Secondo le varie associazioni di settore, il cosiddetto “vino naturale” dovrebbe evitare la standardizzazione di quei prodotti ottenuti da agricoltura convenzionale e da tecniche di vinificazioni invasive, mettendo in primo piano e facendo esprimere le caratteristiche dei diversi vitigni e territori, se continuiamo a “coprire” con volatili a 2, brett, riduzioni che non togliamo nemmeno a scecherarlo come il più buono dei cocktail, oppure macerazioni e rifermentati in bottiglia uguali da Noto a Vipiteno, la confusione si moltiplica; sarebbe come mettersi sullo stesso piano di tutti quei vini svuotati da dentro, senza più un’anima propria, standardizzati appunto, con palati tutti uguali.

 

Una lancia va spezzata a favore di molti produttori italiani, i quali, visti alcuni errori del passato, hanno cambiato rotta, portando nel bicchiere liquidi più nitidi.

 

Non ho partecipato alla conferenza tenuta da Josko Gravner a Cerea -Sabato- ma pare che più di qualcuno si sia indignato per le sue forti parole, estrapolate in un discorso molto ampio, avendo voluto strumentalizzare il personaggio.

 

Parlando dei vini assaggiati ho trovato alcune cose davvero terribili, altre di buon approccio, le “sicurezze” sempre molto centrate.

 

Vodopivec Solo MM15
vitovska terrena, ancora in fasce, deve scrollarsi di dosso una certa rigidità, ma se si vuole fare un vino bianco con vinificazione in rosso, passare per Sgonigo (Ts) e imparare, l’omologazione di tutti i macerati porta all’esasperazione, noi questi vini vogliamo!

 

Rivella Barbaresco Montestefano 2013
bocca cangiante, tannino che aggrappa ma riparte, si distende su toni balsamici, finanche esotici.
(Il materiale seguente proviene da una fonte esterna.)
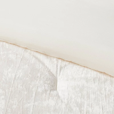 Add graceful textural shine to the top of your bed with this 3-Piece Luxe Distressed Crinkle Velvet Comforter and Sham Set from Threshold™. This velvet bedding set includes a soft-filled comforter and two matching pillow shams with six-inch envelope closures, all adorned with a distressed crinkle pattern on a solid color. This comforter and pillow sham set brings you year-round comfort, and the machine-washable construction makes cleaning a breeze.

Chapeau Mr.Rivella.

 

Serafino Rivella

Quinta do Passo “Humus”  Vino Branco 2016
Due masse separate, una in una barrique, una in un’altra, il primo a contatto sulle bucce per 2 mesi, il secondo 6. Le uve sono Arinto e Fernao Pires. Vorrei scrivere dell’altro ma la mia conoscenza dei vini Portoghesi è simile a quella in Aeronautica. Vino che mi ha impressionato per spinta acida e marina, l’influsso dell’Atlantico è notevole, vino compiuto e disteso.

 

 

Francesco Marra Negroamaro 2015
un rincorrersi di toni maturi veicolati da una leggera volatile che riesce finanche a distenderlo e portarlo in profondità. Ha si le spalle larghe ma commisurate.

 

Skerlj Malvasia 2015
vento di sapidità, vino di materia ma mai spanciato.
 
Massa Vecchia Batone 2017
nuova etichetta per l’azienda di Massa Marittima. Ho sempre preferito il loro bianco da Vermentino ed il rosato, ma con questo rosso si è raggiunta l’apoteosi della bevibilità e della piacevolezza. Un inno al mare, succo e agrume, schiettezza e nettezza. Pane e salame. Costa poco, vale molto.

 

Altro giro, altra corsa.

 

A Villa Favorita mancavo da due anni. Ho trovato sicuramente una quadratura maggiore, vini senza esasperazioni talebanistiche. Le prime due menzioni vanno alle due aziende le quali mi hanno maggiormente colpito, Domaine de Courbissac e Weingut Heinrich.

 

Domaine de Courbissac
ci troviamo nella regione vitivinicola della Languedoca, sud della Francia, tra Carcassan e Narbon. Sono sei le cuvee in degustazione, ottenute dalle uve a bacca rossa Grenache, Mourvedre, Carignan, Cinsault, da quella a bacca bianca Muscat, Marsanne, Grenache Blanc e Terret.
Segnalo un’etichetta bianca ed una rossa:

 

L’orange 2017
prevalenza di Marsanne (70%) con restante Grenache Blanc e Terret. Agrume ed erbe aromatiche, un filo di alcol in entrata che tende a distendersi, vino di presenza ma non urlata.

 

Roc Suzadoc 2015
grenache e carignan in egual misura. Vino che ti conquista per energia ed elettricità. Naso ancora molto compresso ma il frutto è croccante, un profilo mediterraneo e solare.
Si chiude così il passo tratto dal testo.